Just what I said. :yes:


----------



## truebluefan (May 27, 2002)

I have a question:

How do we know who the next Elton Brand will be, when Elton has not reached his peak yet? 

We can't. Elton still has time to improve his game even more than it is now.


----------



## Balla123456789 (Jul 15, 2002)

*Can Someone Someon Give me info on Kendrick Perkins*

What is his game like. I would like a couple of photo's of him dunking. if he can. I heard he is good but has Greg Ostertag Like Athletiscm. I WOULD REALLY LIKE PIC'S of HIM DUNKING this is all i can find.


----------



## TheOrigiBulls (Jun 27, 2002)

im just asking, how do you know who the next elton brand,shaq,mj. i mean is there a next paul pierce,jason kidd, or anyone one else? is it the way they play,act or look? im really curious to know.


----------



## JOHNNY_BRAVisimO (Jun 11, 2002)

the next elton brand is zach randolf


----------



## bender (Jul 15, 2002)

> Originally posted by <b>TheOrigiBulls</b>!
> im just asking, how do you know who the next elton brand,shaq,mj. i mean is there a next paul pierce,jason kidd, or anyone one else? is it the way they play,act or look? im really curious to know.

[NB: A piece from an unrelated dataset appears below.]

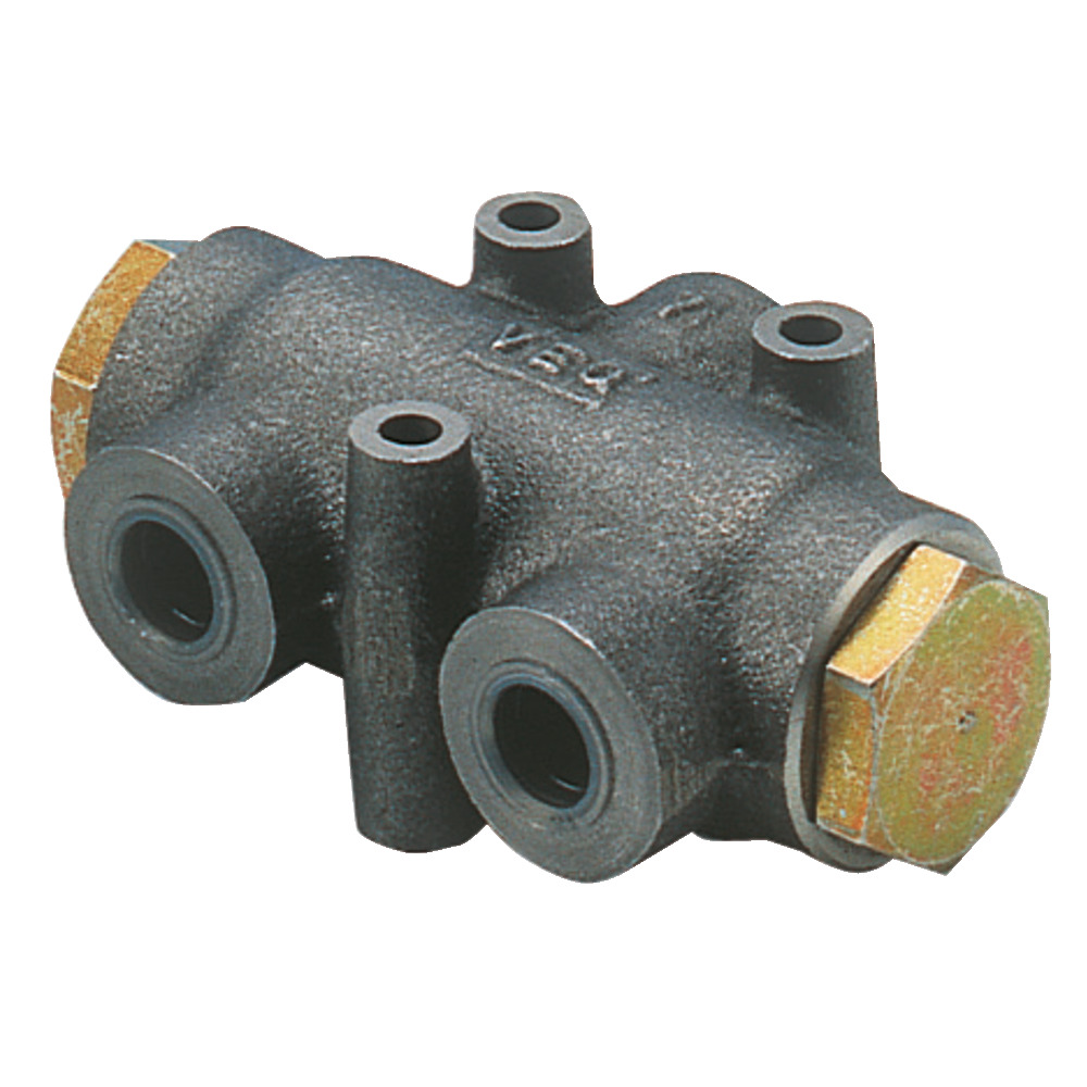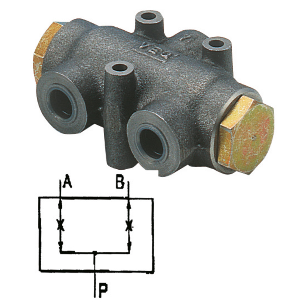 Teilverhältnis 1:1. Der eingehende Ölstrom wird in 2 gleich große Teilmengen aufgeteilt unabhängig vom Betriebsdruck. Bei Änderung der Durchflussrichtung werden die Teilströme wieder addiert. Z.B. für Silozange mit 2 Zylindern. Durch ungleichmäßige Befüllung der Silozange werden die Zylinder unterschiedlich beansprucht. Mit dem Mengenteiler kann dies verhindert werden.

Yes, it is they way the play and they are _build_. So let's compare: 
*Elton Brand* - 6'8" PF, undersized for his position, but equalize it with strength and hard work.
*Kendrick Perkins* - 6'11" C, taller and stronger than Brand. He'd better be compared to Shaq.
*Zach Randolph* - 6'9" C/F, much more fatter than Brand. Has no true pos (undersized for C, not moveable enough for PF)
*Leon Powe* - 6'8" PF, undersized for his position, but equip with a 235 lbs. frame.

So, I think, if there's another Elton Brand it would be Leon Powe.


----------



## Mao_Ying (Jun 23, 2002)

*Some comments...*

1. Kendrick Perkins is NOT stronger than Brand (yet).

2. Kendrick Perkins compared to Shaq???

3. Randolph is more maneuverable than Brand is, and has just as much skill. Also, Randolph is 252, and Elton is 265.

4. Leon Powe? OK...


----------



## bender (Jul 15, 2002)

*Re: Some comments...*



> Originally posted by <b>Mao_Ying</b>!
> Kendrick Perkins compared to Shaq???


Of course, why not?


----------



## <<<D>>> (Jul 15, 2002)

> Originally posted by <b>JOHNNY_BRAVisimO</b>!
> the next elton brand is zach randolf



I really hope Zach gets the PT though... 
He has loads of talent and madd skills, but he doesn't have the chance to showcase it, A good example J.O. when the Blazers drafted him, he was just a wasted talent on the bench, until he was traded to the Pacers.....I can bet the Blazers have been kicking themselves for letting him go and not giving the PT he deserved, The Blazers should trade Zach where he can be effective and develop, I just don't understand how the Blazers organization thinks or works, they load it up and let it go to waste

try to stay off the masked cursing, STING


----------



## <<<D>>> (Jul 15, 2002)

*Re: Can Someone Someon Give me info on Kendrick Perkins*



> Originally posted by <b>Balla123456789</b>!
> What is his game like. I would like a couple of photo's of him dunking. if he can. I heard he is good but has Greg Ostertag Like Athletiscm. I WOULD REALLY LIKE PIC'S of HIM DUNKING this is all i can find.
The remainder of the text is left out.